Depending on his motivation level, some of his trips are planned a year in advance, others more spontaneous, but all without draining his bank account. One of his favorite websites, Million Mile Secrets, a resource he actually recommended for me as well, educates the money-conscious on ways to acquire airline miles and hotel points to very comfortably see the world, all without breaking the bank. It shows you the hottest deals, compares travel and credit card miles, and what would be the best option for a student working part time or an executive with a busy schedule. Other great resources he recommends are Kayak, Hipmunk, and Travel Zoo.

Mount Everest

Mount Everest . Photo via Mike Borovsky

A fairly cheap way to stay under budget when traveling in the U.S. is to road trip, if time allows. Mike will get his KOA campground guide ready, his car packed with a large tent, cot, cooking utensils and travel stove, then hits the road! This gives travelers the option to stay in national parks and forests with campgrounds running as low as $20-$30 a night. And all KOA locations have showers so you’d be all set. And not smelly.

When running around from one country to another, he does have his preferences and other guidelines he goes by. Hostels, often overlooked, is really an excellent option for anyone willing to make new friends.

“You meet all sorts of people from around the world, and it’s cheap, especially in Europe when everything is ridiculously expensive,” Mike said. “Hostels are usually in prime locations for a fraction of the cost for a hotel room and hostels normally have activities planned like walking tours and pub crawls.”
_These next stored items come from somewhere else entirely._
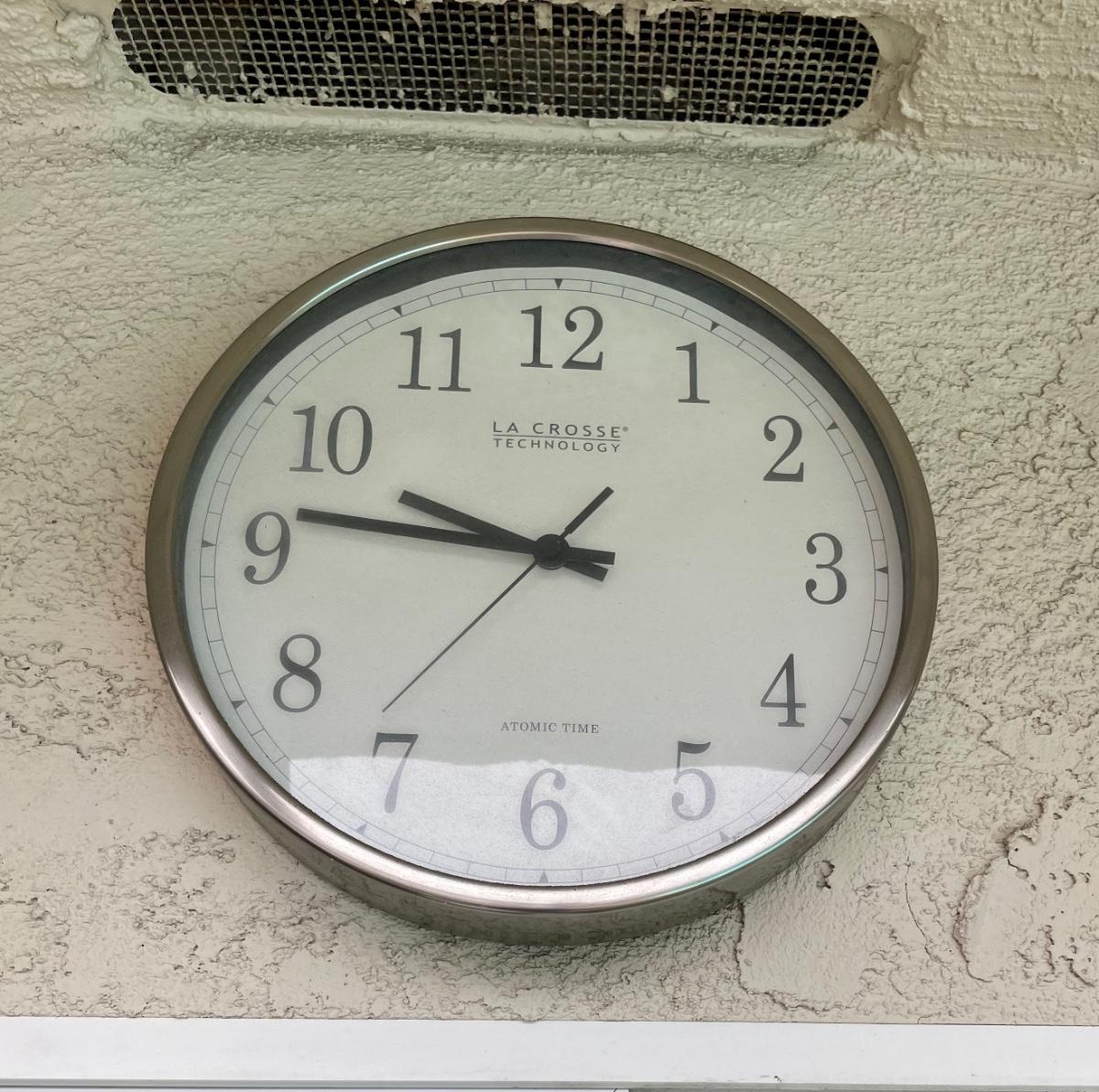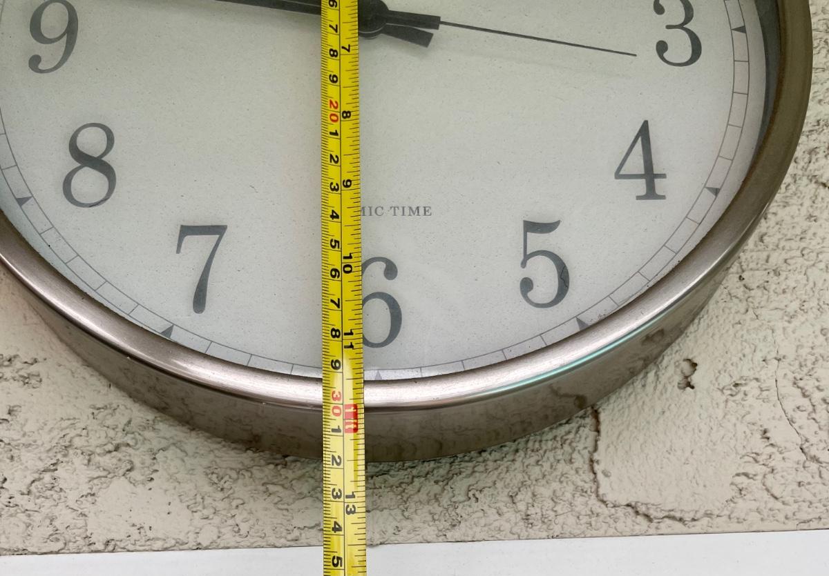 Battery Powered Indoor Outdoor Clock. Traditional round dial with numbers and a sweep second hand. Measures approx 12” across.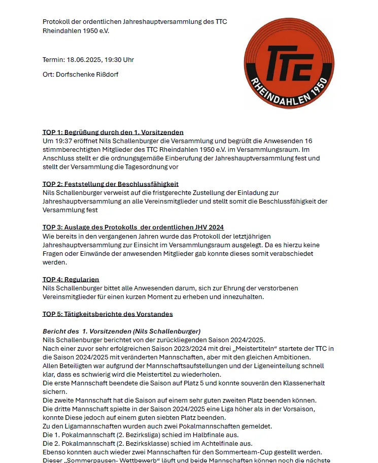 Einmal im Jahr lädt der TTC zur ordentlichen Jahreshauptversammlung ein. Die Protokolle der vergangenen Versammlungen können hier eingesehen werden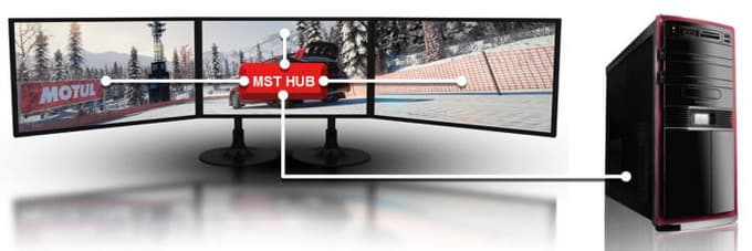 Вывод изображения на шесть мониторов может быть осуществлён при помощи двух портов DisplayPort 1.2 и двух концентраторов MST (о которых мы писали ранее), а три или даже четыре монитора потребуют лишь одного порта и соответствующего концентратора. Такие концентраторы позволяют гибко конфигурировать систему вывода изображения, они поддерживают до четырёх FullHD-устройств на один разъём DisplayPort 1.2 и должны появиться в продаже к лету 2012 года.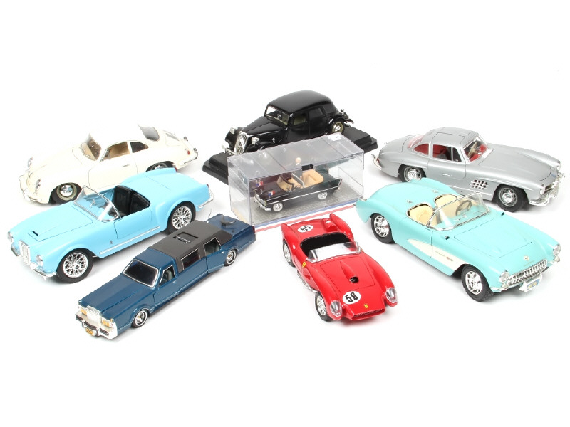 comprend notamment : SIMCA PRESIDENTIELLE DE GAULLE, FERRARI 250 TESTA ROSSA, CHEVROLET CORVETTE, LANCIA AURELIA & MERCEDES 300 SL & CITROEN 15 CV - on y joint une limousine (détails de peinture ajoutés & antenne tordue) en état 'B'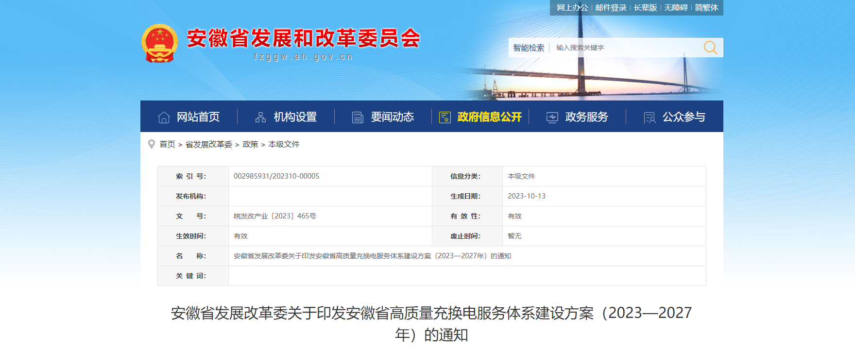 安徽省发展改革委关于印发《安徽省高质量充换电服务体系建设方案(2023—2027年)》的通知。

Egypt. Photo via Mike Borovsky

Egypt. Photo via Mike Borovsky

Whether or not to embark on all the tours and excursions advertised in many tourist-driven cities really is all up to traveler and how much time you have, Mike said. If you have limited time, the Hop On/Hop Off bus tours are always a hit, but if you have a few days, navigating the streets by yourself can be particularly rewarding. It all comes down to one thing: “If you can’t make your way out of a paper bag, you should probably take a tour,” Mike said. And remember to always ask the hostels some points of interest you should check out that other mainstream tours couldn’t provide. You could end up like Mike and eat at the same restaurant three days in a row based on the advice from employees at a Krakow, Poland hostel.

Mike Borovsky. Tibet

Tibet. Photo via Mike Borovsky

Whether you’re a newbie to international travel or even a bit seasoned, just please, do not stick out like a sore thumb.

“Don’t complain that things aren’t done just like they are back home; news flash, you aren’t home!” Mike said. “This is the point of traveling, to see different and experience different ways of life.”

Sometimes having a travel companion makes traveling a little less stressful—like when you lose your bags—so Mike prefers traveling with his brother, someone he gets along with and is usually on the same page. But traveling by yourself can be just as fun; it’s an opportunity to explore everything YOU want, push you to meet and interact with more people, and perhaps get lost and discover the best cappuccino shop or pub in town.

Because of Mike, I know my final destination doesn’t have to stop at a certain time, that I can act like I’m in college for the rest of my life by staying in hostels, just eating gyros for days at a time in Greece, and pub hop by myself and make new friends along the way. Sure I’m concerned that my golden years are starting to fly by, but who says that they have even arrived yet?

Mike recently just came back from a Euro trip to Poland, Austria, Hungary and Germany—and all his flights were free using miles he earned. So now, he has undergone the beginning phases of planning a trip to Switzerland and a road trip to Montana and Yosemite. I may just get an invite to join him, especially since I wasn’t included in his Euro trip shenanigans. But he did get me a t-shirt. Thanks Mike.